The most tangible symbol of the games to date came this past Monday, when the region began enforcing new, extra-restrictive High Occupancy Vehicle lanes on highways around Toronto. That snarled traffic across greater Toronto and enraged motorists, perplexed why authorities chose to manufacture traffic chaos two weeks before the games even started.
Only journalists accredited to the games, athletes, buses, taxis and cars with three or more occupants may use the lanes. John Tory, the mayor of Toronto and a big booster of the Games, called on the province to let cars with two people use the lanes, which used to count as “high occupancy.” Organizers have not budged.
“Part of our challenge is to get a balanced message out,” said Mundell. “If you are coming in through Porter (Airlines, which flies out of the downtown airport), you are in the heart of the city. If you are coming down for a few days to enjoy it, you can get in. People have to get the message that there is a real reason to come here, and that is the Games. It’s the place to be.”
Also, more than just athletes and tourists will come to Toronto. The International Economic Forum of the Americas shifted its Toronto event from October to July, to coincide with the games, renaming it the Toronto Global Forum — Panamerican Edition. A few high-profile Hispanics will attend, including Daniel Servitje, chief executive of Mexico-based bakery giant Grupo Bimbo, as well as the leaders of Grenada, Bermuda, Aruba and the British Virgin Islands. But the two headliners, Shimon Peres, former prime minister of Israel, and Ben van Beurden, CEO of Royal Dutch Shell, are hardly symbols of the Americas.
“This is a huge opportunity to bring an economic flavour to the games,” insisted Nicholas Rémillard, chief executive of the nonprofit Economic Forum. “Leaders in health, trade, energy, finance, governance — they will see how Ontario is a good place for investment.”
A key part of the games’ strategy is to market this region to potential tourists.
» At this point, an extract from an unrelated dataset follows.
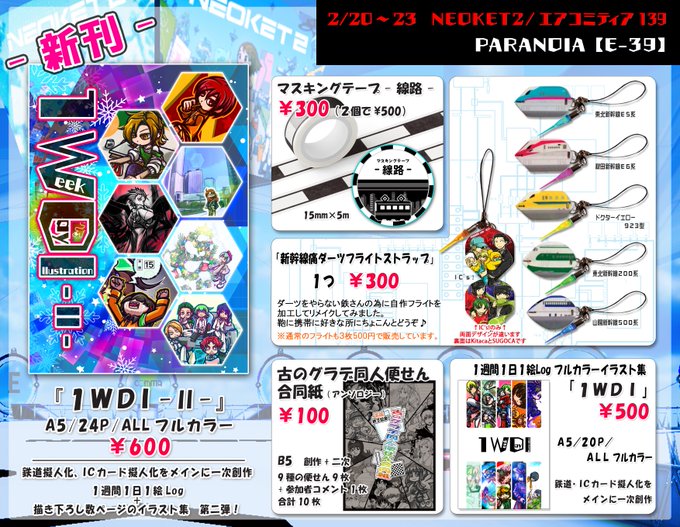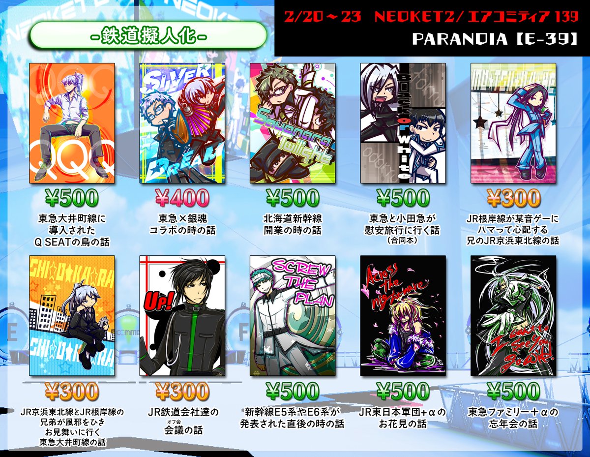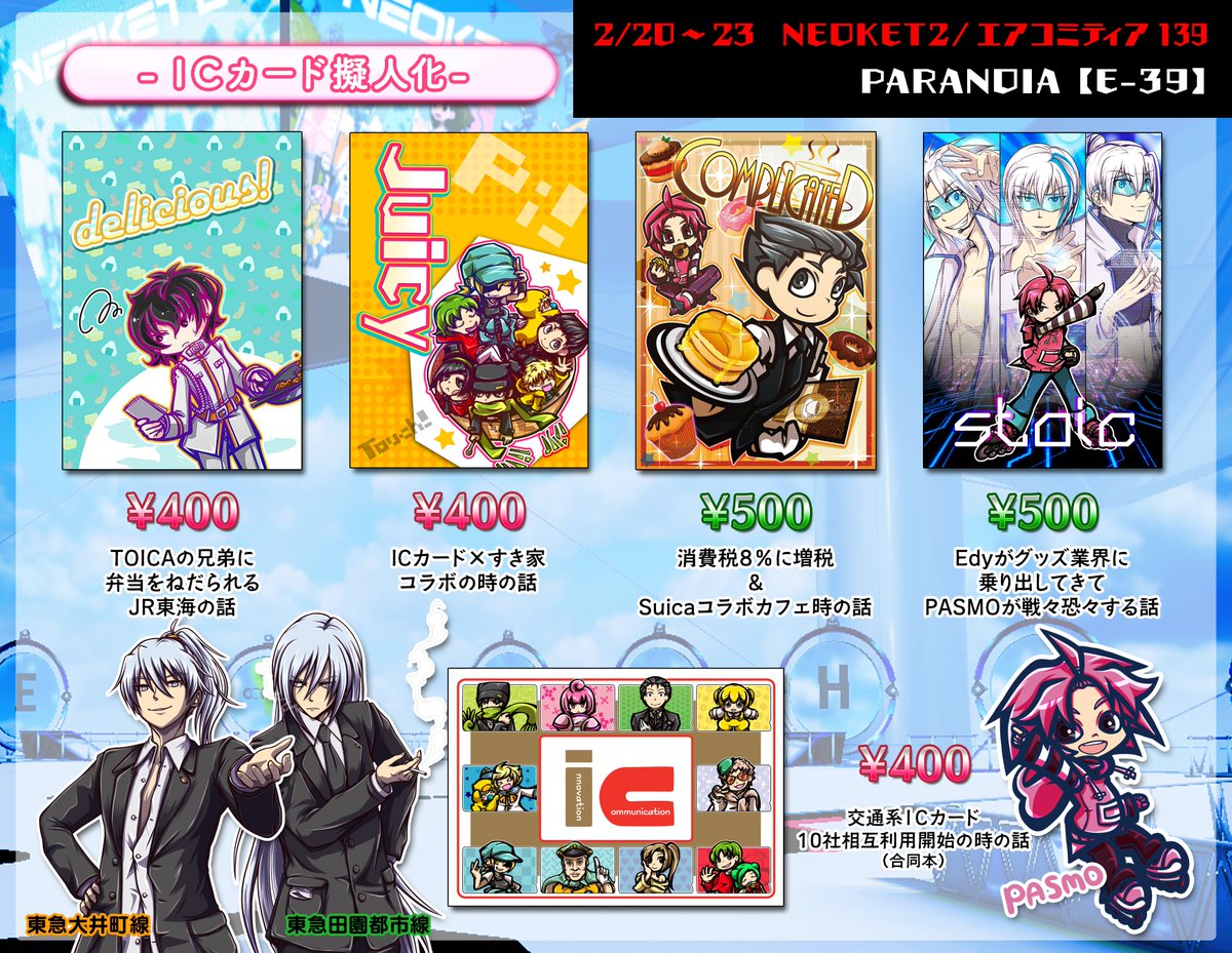 2/20~23開催の #NEOKET2 と #エアコミティア139 に参加します! PARANOIA【E-39】#鉄道擬人化 #ICカード擬人化 メインな創作スペース neoket.net 新刊は2/20から頒布開始☆ litbi.booth.pm コアタイムはなるべくスペースにいるようにします。 お話しましょう~!!

“We have all been working together for years on this,” said Tourism Toronto’s Weir. “We have hosted hundreds of media from those markets (in Latin America) to build more awareness of Toronto. The economic benefit will be long-term growth in tourism demand in key markets such as Mexico and Brazil.”
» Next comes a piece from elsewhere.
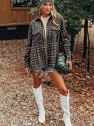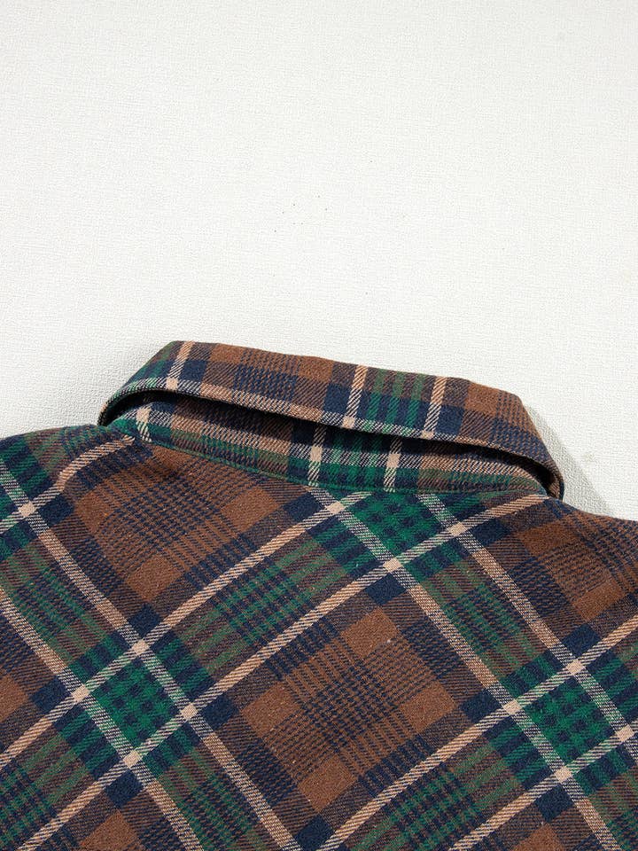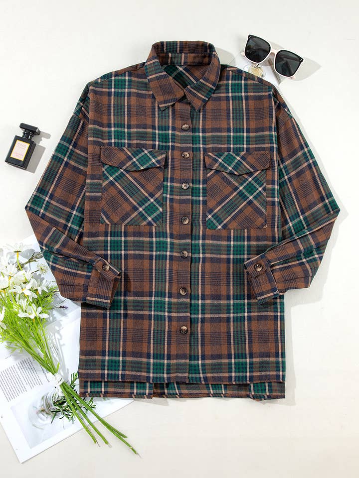 Discover the perfect blend of style and practicality with this Plaid Buttoned Shacket in a rich brown tone.

Marvin Ryder, a professor of marketing at the De Groote School of Business in Hamilton, is not so sure.
“The GTA will be wonderfully showcased for 2½ weeks,” he said. “We will be the green leafy Ontario and happy smiling people. But the long-term impact is highly questionable. When it’s over, people won’t remember that we were a part of it.”
Big, glitzy sport facilities, with $500 million in funds from the federal government, are a key part of the games’ legacy. Hamilton has a new $146-million football stadium for Pan Am soccer games, though it isn’t in the city’s struggling harbourfront where the stadium might have been part of some urban renewal plan. Instead the new stadium went up where the old one was: surrounded by houses, so that it has 22,000 seats and 212 parking spaces.
Toronto has a new $250 million aquatics facility in the east end and a $52 million gym in the north end. Markham, north of Toronto, has an $86 million gym for badminton, Ping-Pong and water polo. Another jewel is the $56 million velodrome in Milton, west of Toronto, paid for mainly with federal money, its track built with spruce imported from Russia.
But who will pay to keep the lights on in these sports chateaux once the athletes leave? Milton agreed to host the velodrome after Markham and Hamilton rejected it as a white elephant.